The Electricity Corporation of New Zealand (ECNZ) began investigating the area as a site for the development of a wind farm from 1995. It investigated a number of wind farm options ranging from an 8 to 10 turbine, 6 MW wind farm, through to approximately 50 turbines generating as much as 30 MW. ECNZ announced the 6 MW proposal in October 1997. The company also purchased a 1000 acre block of land in Mākara known as Quartz Hill in 1997.

The Makara Guardians opposed this 6 MW development. ECNZ never applied for resource consent, and subsequently shelved the wind farm plans. The company was split up in 1999, with Meridian Energy inheriting the Quartz Hill site.

In June 2005, Meridian applied for resource consent for a new wind farm, known as Project West Wind. It was substantially larger than the earlier ENCZ proposal, consisting of 70 turbines with a total capacity of up to 210 MW. This proposal joined the Quartz Hill site with the neighbouring Terawhiti Station – one of New Zealand's oldest and largest privately owned stations.

A key feature of this proposal, from the Guardian's perspective was the siting of some 22 of the 125 metre-high turbines along the top of a long a ridge that looms immediately above the South Mākara Valley, where many of the members live.

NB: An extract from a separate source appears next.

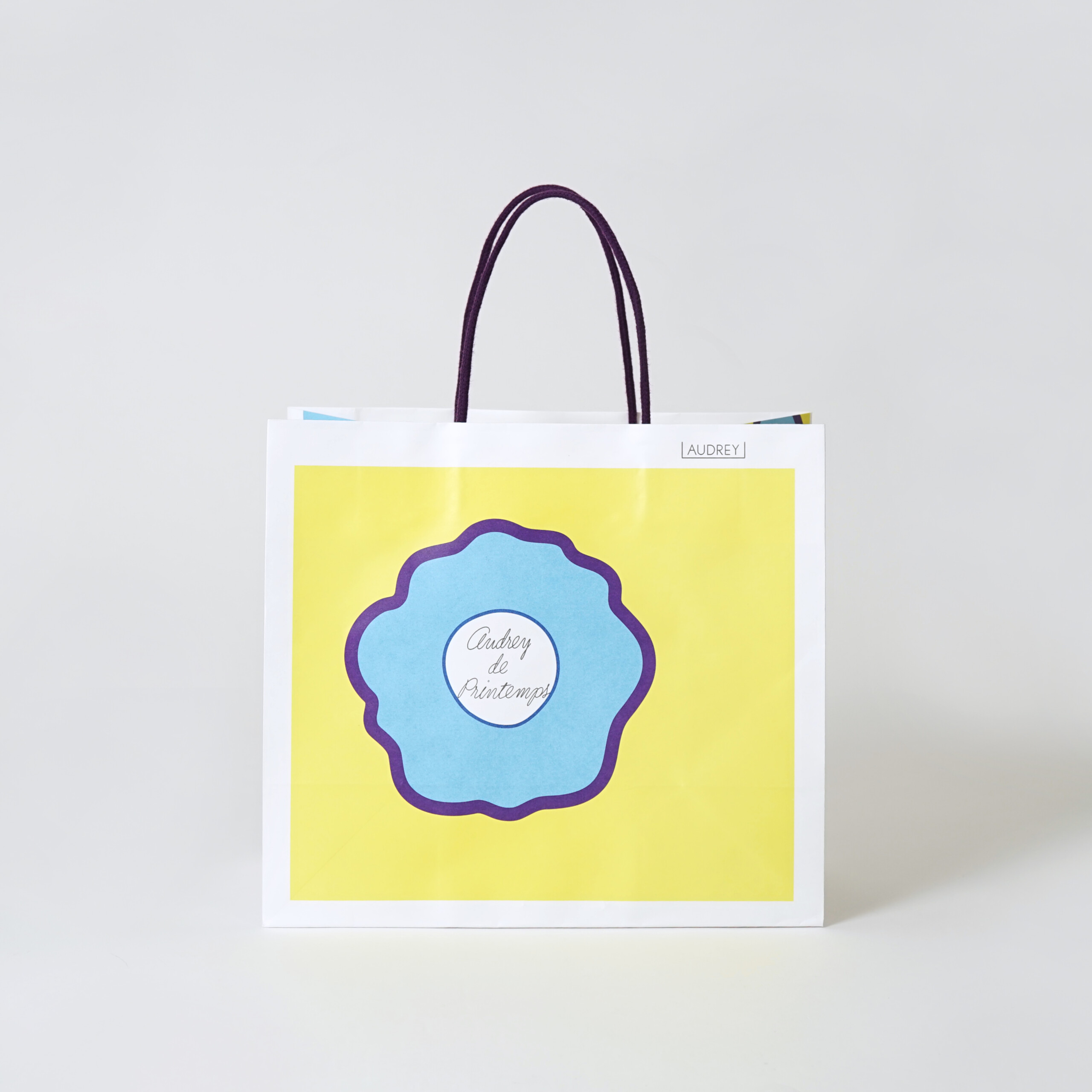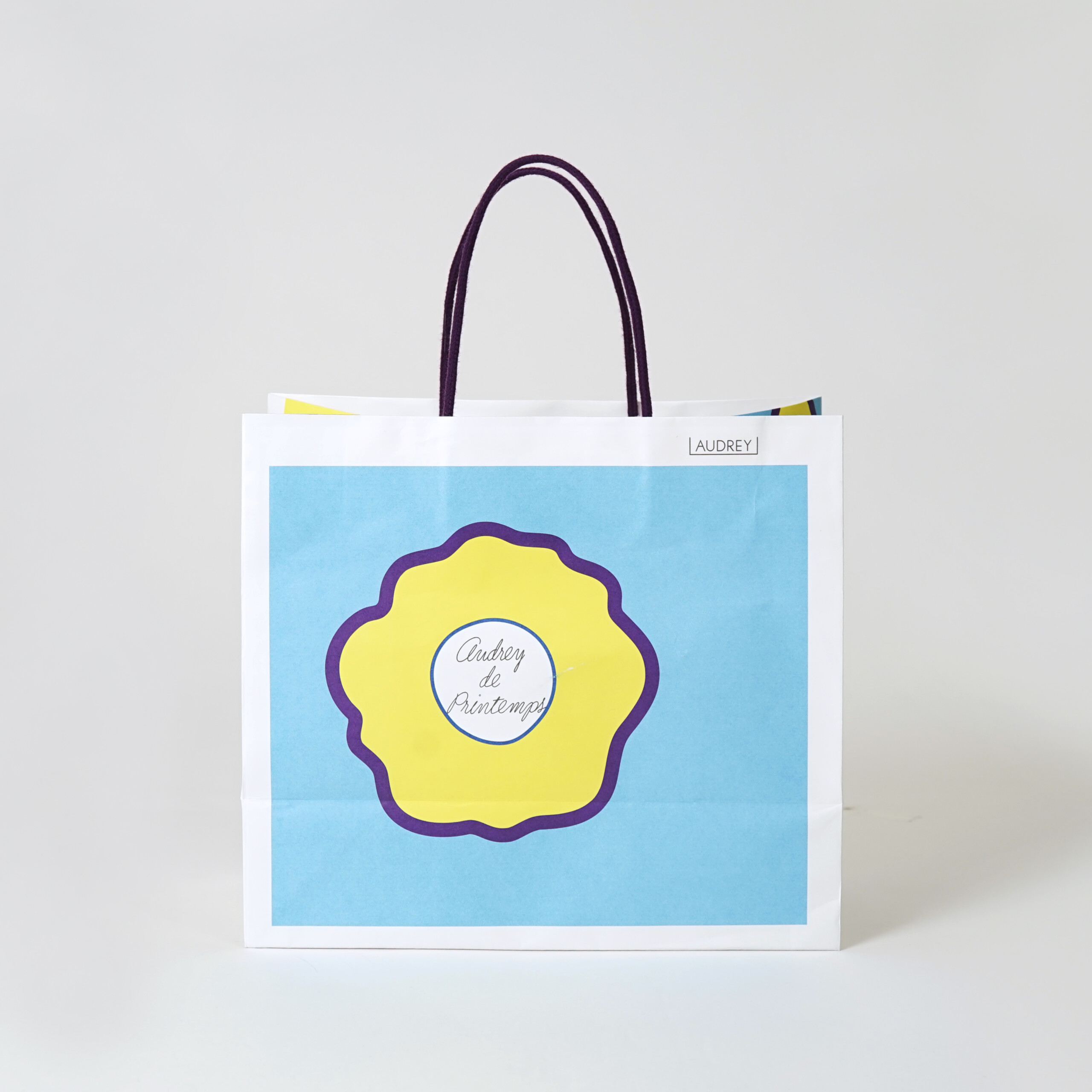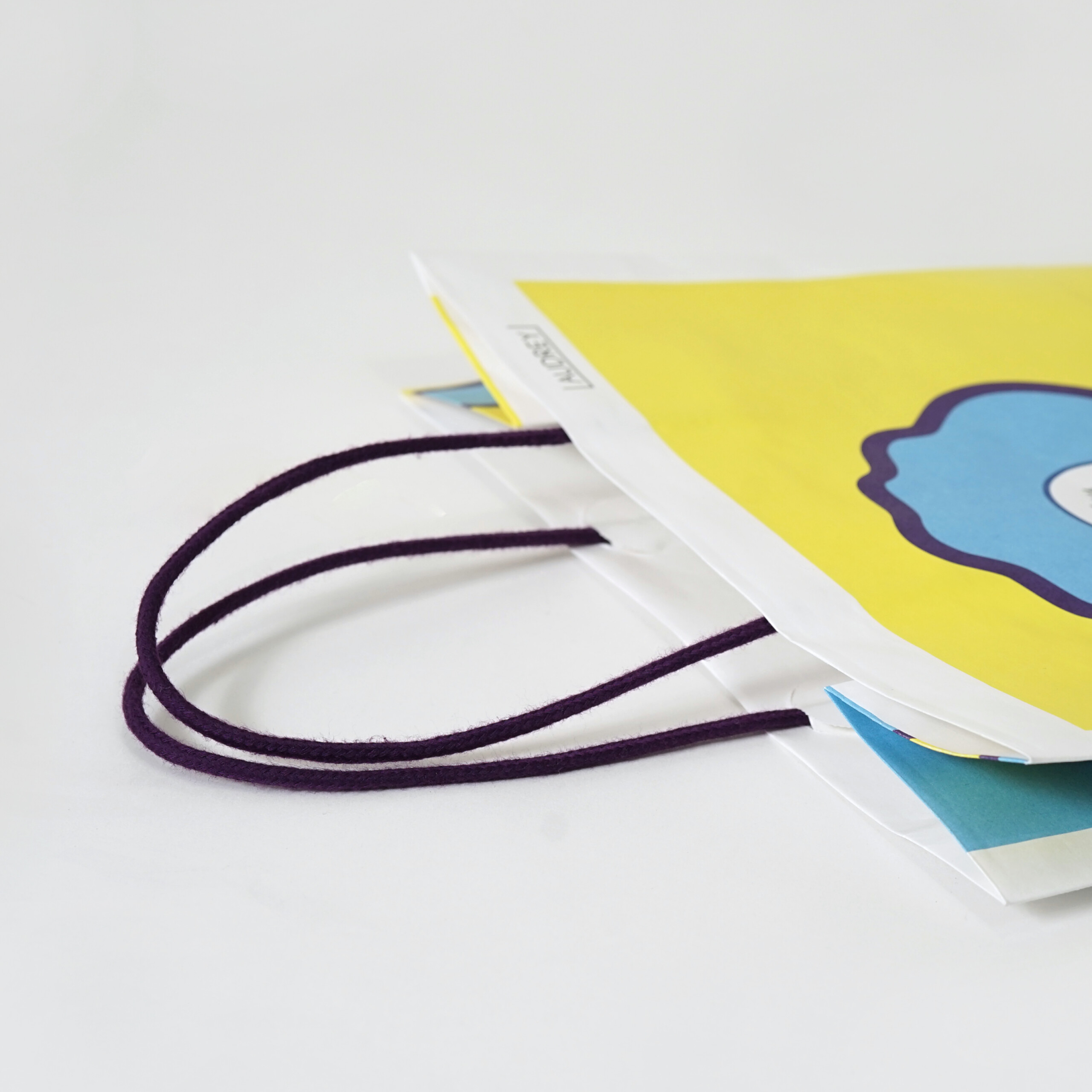 ブランドロゴは紙袋の右上部分に控えめにプリントされています。全面のイラストを際立たせるバランスが絶妙です。

As soon as Meridian announced the proposal, the Makara Guardians mounted a substantial opposition campaign.

On 21 December 2005 the resource hearings commissioners announced their decision, granting the proposal to construct the wind farm at the Mākara site, subject to some construction conditions.

Both Meridian and the Makara Guardians subsequently appealed the consent decision to the Environment Court. The court granted resource consent in May 2007. Project West Wind was granted 66 turbines and will now produce approximately 140MW.